腹がちらりと見えるどころではない。盛り上がった胸筋や僧帽筋、三角筋の見事な隆起を間近にしてルシールは固まった。
「いやあね、男の子はこれだから。こんなところで脱がないでちょうだい。ルシールが困っているでしょう」
「一瞬で済むから、ほかのお客さんがいないうちにと思ったんです」
さすがは息子を持つシンシアはクラークにするのと同じような口調で小言を言い、リオンは笑って流す。
ものすごくごつごつしていた。ルシールは細めであり、正確に言えば、凹凸がない。そのことを最近悩んでいた。友人であるネリーもシンシアも豊かな胸、張りだした腰つきをしている。男性であるリオンにすら感じる色気を、自分はまったく持っていないように思うのだ。
なお、リオンは次に昼食に誘いに工房に来たとき、きちんとシャツを洗濯してシンシアに返却した。
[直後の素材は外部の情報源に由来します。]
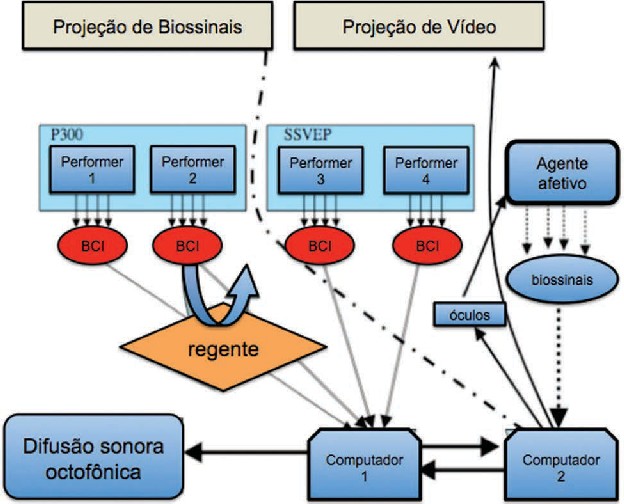 Na Figura 1, há uma descrição geral da infraestrura criada para a MBO. A obra pro- pôs uma interação multimodal utilizando um quarteto de cordas virtuais, vídeo e as ações de um regente para articular a re-estruturação desses elementos a partir do processamento de bio-sinais de um “agente afetivo” e de quatro outros performers que utilizaram interfaces cérebro-máquina (BCI). No escopo deste artigo concentramo-nos na descrição das decisões composicionais que foram tomadas para integrar e contextualizar a performance, para ou- tras informações reportamo-nos a GROUX et al. (2010).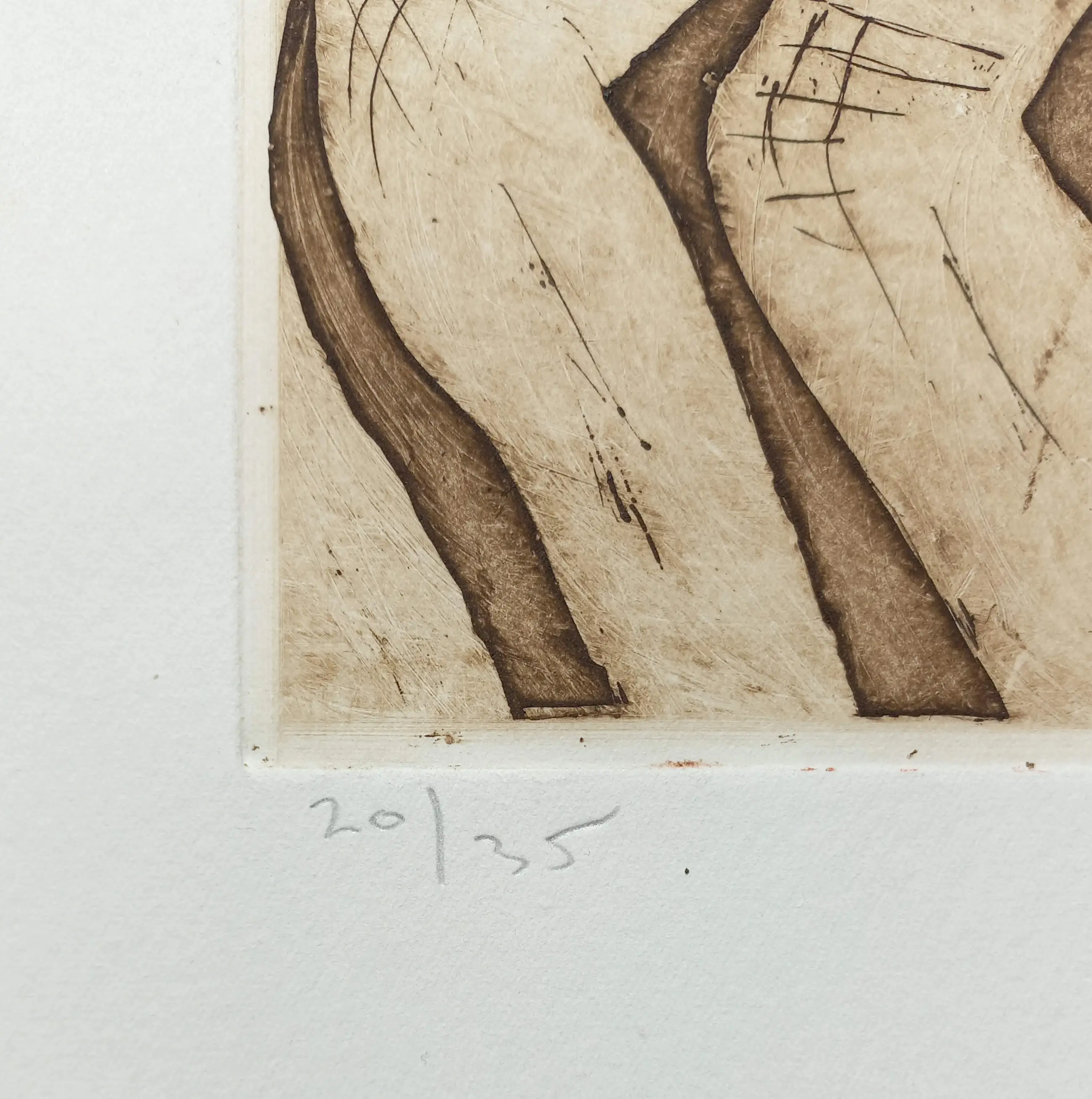 Zeer mooie compositie van Jan Montyn uit één van zijn beste periodes. Aquatint ets op geschept papier, met potlood gesigneerd, gedateerd (1976) en genummerd (20/35). In zeer goede conditie.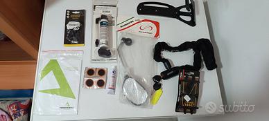 In più regalo pompa professionale, gancio per bici a parete , kit riparazione camere d'aria, un porta smartphone, un gonfia e ripara a spray, un campanello elettrico ed una borsa a bisaccia in nylon, uno specchietto retrovisore ed una catena testa nera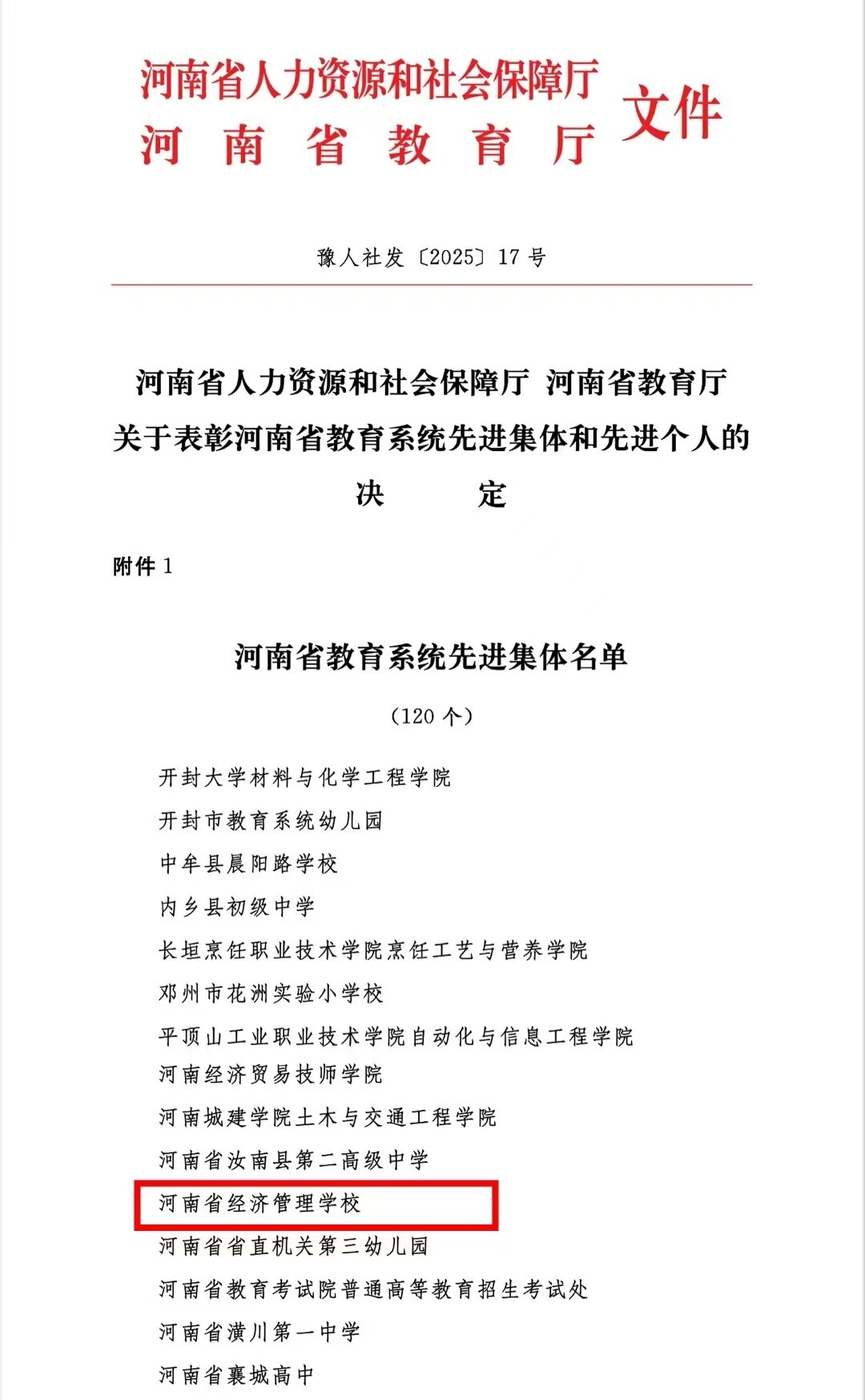 近日,河南省人力资源和社会保障厅、河南省教育厅联合发布《关于评选表彰全省教育系统先进集体和先进个人的公示》。我校荣膺“全省教育系统先进集体”称号,教师王明丽获评“全省教育系统师德先进个人”。这份沉甸甸的荣誉,是省政府、省教育厅对学校办学成果的充分肯定,是全体师生员工共同努力的结晶。喜讯传来,我校全体师生倍感荣幸,深受鼓舞。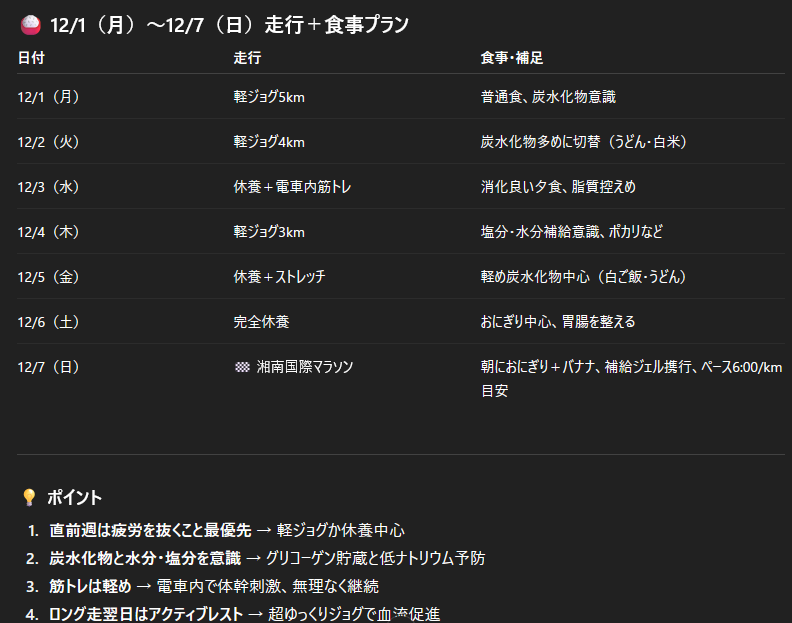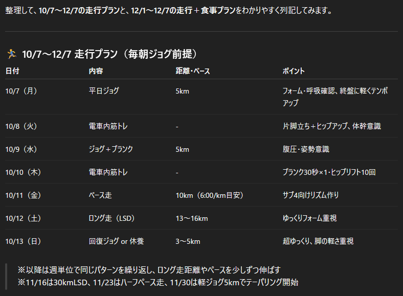昨日ハーフマラソン大会にでた話を書いたんですが、それをChatGPTに教えて、具体的なトレーニングメニューを考えてもらいました。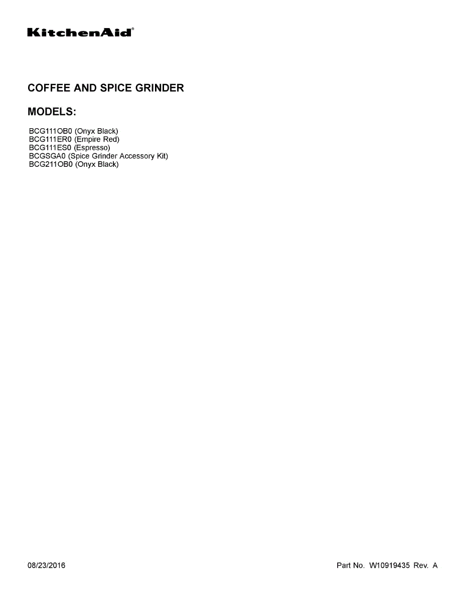 Parts for Whirlpool BCG211OB0: 01 - Cover Sheet Parts

着替えたリオンを見て、シンシアがふたりを送り出すために工房のドアを開ける。
「あら、もう止んでいるわ。どこかで雨宿りをしていたら良かったわね」
「少しでも早くルシールに会いたかったから」
「はいはい、ごちそうさま。ルシール、ゆっくりしてきていいわよ」
この間、ルシールはほとんどしゃべることもなく、リオンに手を取られてすっかり明るくなった通りへ出た。
「あ、ルシール、虹だよ」
リオンがつないだ手とは逆側のそれで指し示す。
「本当。通り雨だったのね」
そう言いながら、あれ、自分はいつの間にリオンと昼食に出かけることになったのだろう、と今さらながらに思うのだった。
「ブーツは濡れていないの?」
「みんな同じさ。でも、座るときは良家の子女のようにハンカチを敷こうかな」
店の椅子を濡らさないためにそう言うリオンに、ルシールはちょっと笑いながら、いい人だなと思う。そんなルシールに優しい目を向けてくるリオンに尋ねる。
「一旦、着替えに帰る?」
「うちはちょっと離れているから」
市場で仕事の打ち合わせをしたので工房に寄ったのだという。
「というか、昼ごはんをルシールといっしょに食べたくて時間を合わせた」
「その市場にシンシアさんの息子さんのクラークさんが働いているの」
わざわざ時間を調整したというリオンに、嬉しいのに照れくさくて別のことを話す。
リオンは高い身長にしっかりした身体つきだけでなく、顔も整っている。人好きのする性格で明るい笑顔ときたら、目立たないわけがない。
後に、大いに思い知らされることとなった。